Terrorists, harboured largely by the ISI, had gained relevance in Pakistan's civil society when there were attempts in 2007 to outdo General Musharaff. The militants were understood as comrades, leading a movement against hegemony. There was a sense then, that these are good terrorists and there may be some other bad terrorists that kill innocent lives. Over time though, with a series of bomb blasts and attacks, the most horrific being the one on Army Public School that killed several children, Pakistani society was reminded that terrorism is only one, and it is only horrific. Yet, the political circles in Pakistan had already dipped their knees to deep in the water of terror outfits, requiring their support for several diplomatic exigencies. To beat the Taliban you needed the LeTs, to defeat India there had to be inroads made to Jammu and Kashmir, for a fitting reply to militant soldiers killed by the Indian army, or terror leaders arrested on Indian soil, what followed was a series of events—hijacking, bomb attacks, shootouts. Today, Pakistani society finds itself at its regressive best where women, children, artists, actresses face the wrath of public anxiety, but terrorists are harboured in the name of protecting the nation's sanctity. In the 19th century, the West had perceived Asia as the exotic East and today, parts of Asia, perceives everything Western—including modern thought, simply as evil propaganda.

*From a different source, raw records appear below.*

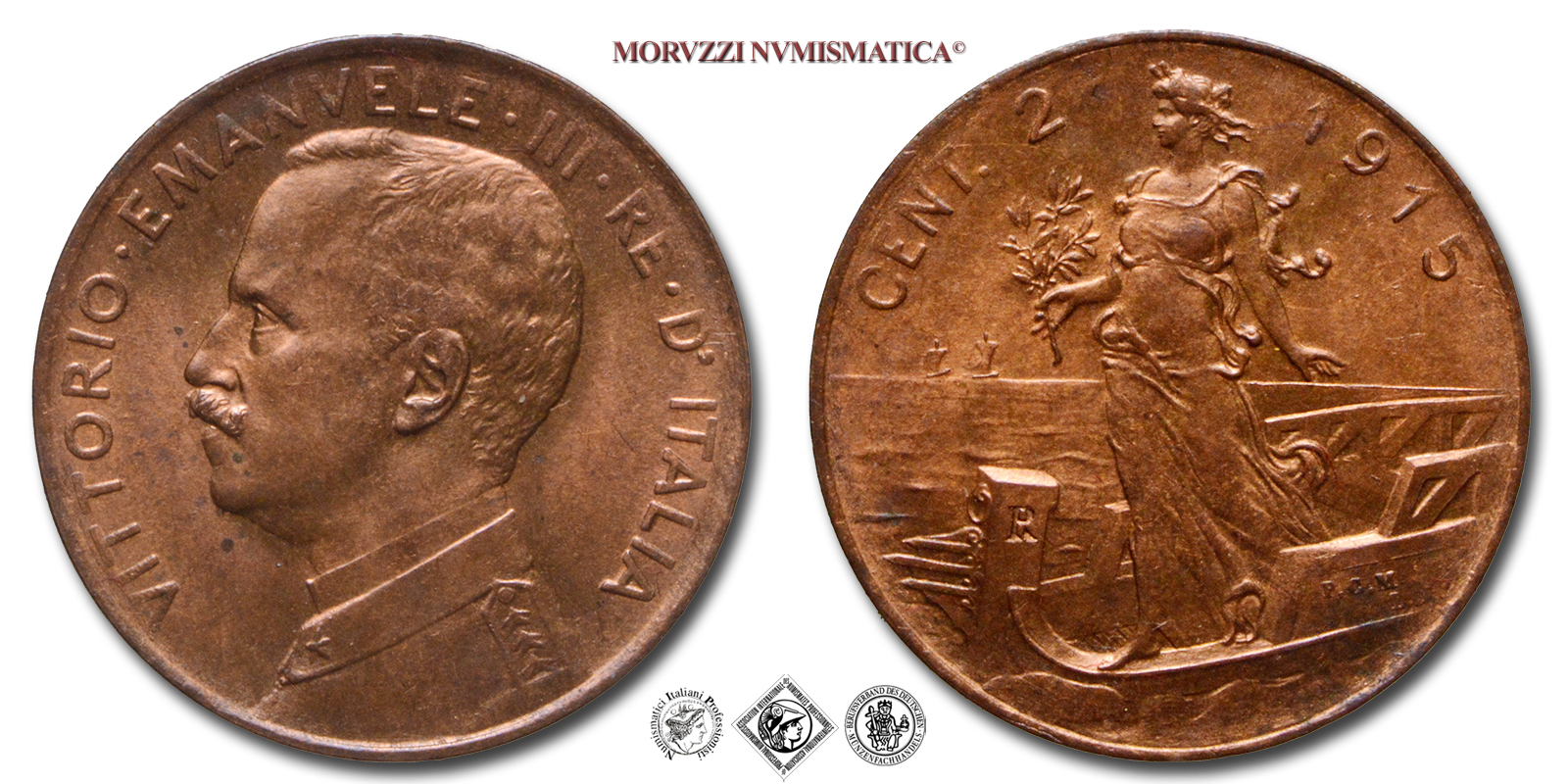 Regno d'Italia, VITTORIO EMANUELE III, CENTESIMI 2, Italia su prora, 1915, Zecca di Roma, RAME, FDC, (Pagani 937) / monete italiane moderne (moneta italiana moderna da collezione - Casa Savoia)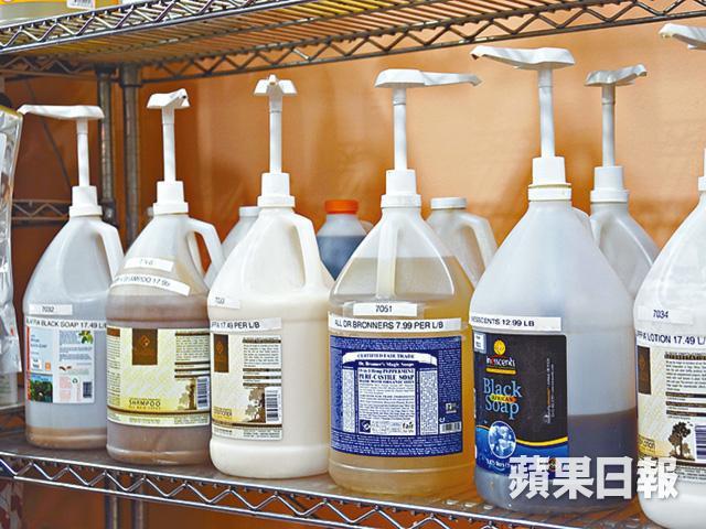 我還以為她平日會駕車,她卻單手抽着幾斤重的食材,行逛半天也沒呻半句辛苦;最後她網上自學製作清潔用品,每周不用花上一小時就做好洗衣粉、清潔劑、潤膚乳、牙膏等用品。洗潔精用有機的橄欖油皂液(Castile soap),「這在美國很普遍,一般有機店都有售。我甚至用來洗手、洗澡、洗頭、洗廁所和衣服,因為它既不傷皮膚,又幫我省去找尋無包裝清潔用品的時間。另外,有很多有機店售賣的清潔用品,不是加入很多不知名的成份,就是隱藏部份資料。當你親手做過清潔劑,就知道產品成份表上的三種材料,沒可能製成像忌廉狀的沐浴露,成份有可疑的我就不會買。」Lauren娓娓道來。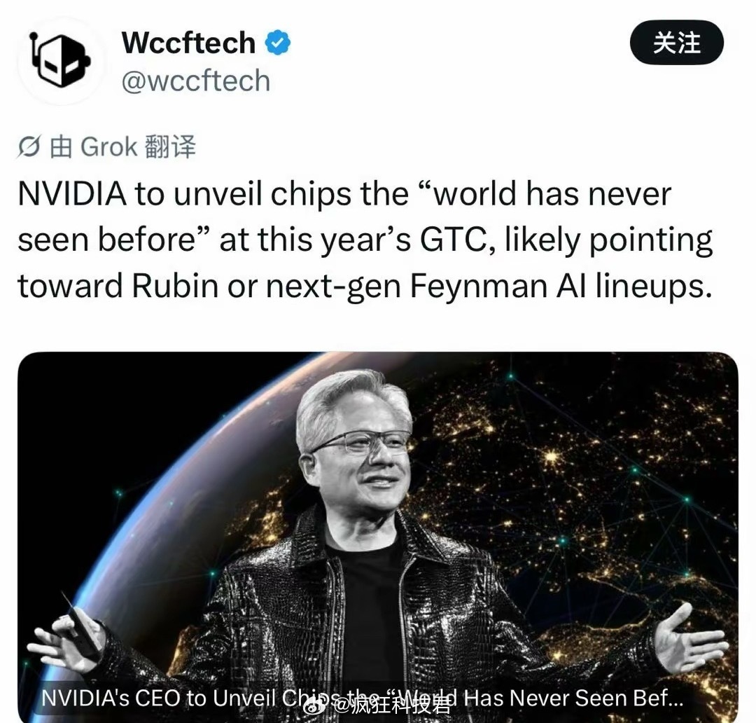 英伟达要搞大事!GTC 2026要发“世界从未见过”的AI芯片,黄仁勋自己也说了,现在技术都逼近极限了,研发难度拉满,能搞出来绝对是狠活。英伟达现在就是AI算力的“扛把子”,从Hopper、Blackwell到现在的新品,一直在跟着AI算力的需求迭代。这次说“世界从未见过”,估计又是一次技术爆炸,不管是训练大模型还是推理场景,都能再上一个台阶。数码资讯
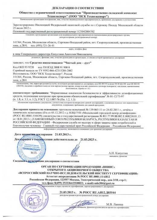 Дополнительная информация : | Меры предосторожности: обработку помещений проводят в перчатках при открытых форточках (окнах) в отсутствии людей и домашних животных. На время обработки удалить пищевые продукты и посуду. Избегать попадания в глаза и на кожу. При случайном попадании помыть водой. После окончания обработки вымыть руки и лицо с мылом. Уборку проводить через 24 часа после обработки мыльно-содовым раствором в резиновых перчатках. Хранить в сухом, прохладном, затемненном и хорошо проветриваемом помещении, в местах, недоступных для детей и животных, отдельно от пищевых продуктов. Температура хранения от -10°С до 40°С. |
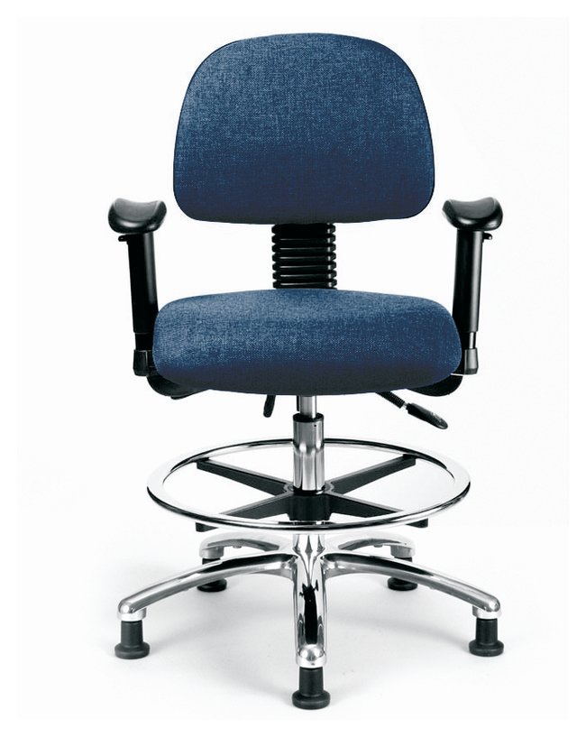 Fabric Chair Chrome - High Bench Height with Seat Tilt, Adjustable Arms, Chrome Foot Ring, and Stationary Glides in Fabric, Each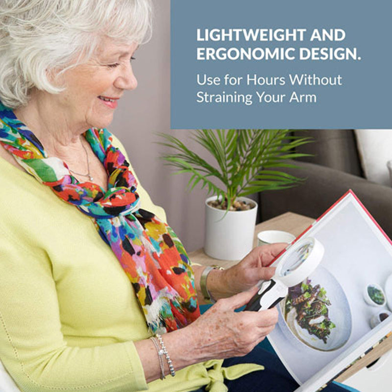 The 20X magnifying glass is ideal for reading magazines, books, and even product packaging! The integrated LED lights significantly improve your viewing capability.
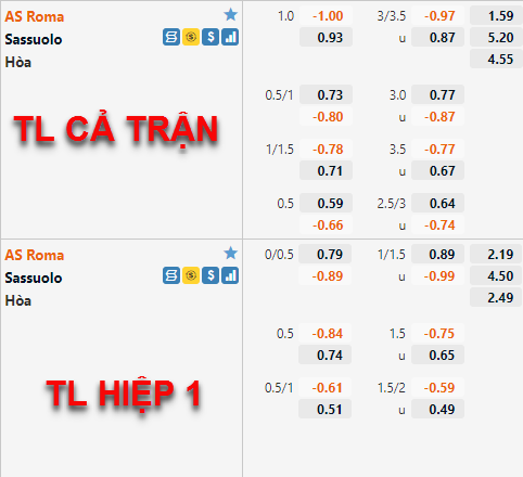 Không có biến động đáng chú ý nào trên sàn giao dịch châu Á khi AS Roma duy trì tỷ lệ chấp 1 hòa cùng lợi điểm cân bằng giữa các lựa chọn đối lập giống như thời điểm đầu phiên. Trên thực tế, đội hình xuất phát không có biến động đáng kể nào so với dự kiến khi Zaniolo, Pellegrini, Mkhitaryan và tân binh Abraham được tin tưởng trong trận đấu thứ 1000 của HLV Mourinho kể từ khi cầm quân.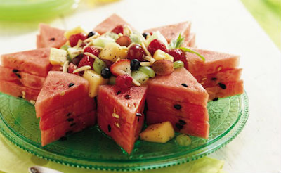 Σε ξύλο κοπής κόβουμε σε χοντρά κομμάτια το καρπούζι μαζί με το πεπόνι και το ρίχνουμε σε μια σαλατιέρα, ψιλοκόβουμε τα φυλλαράκια μέντας και τα ρίχνουμε μέσα στη σαλατιέρα.

Karma, finds itself, as it has here too, but it is leading to more devastation than sovereign upliftment. Pakistan relied on terrorism as a weapon it would release on its enemies. But the toxicity of terrorism has turned itself inward, bringing doom first, to Pakistan, to its people who never desired this tryst with destiny and to its economy whose condition can only be described as pitiful. In this failed battle to unleash its prowess, Pakistan has lost its jannat to the jamaats.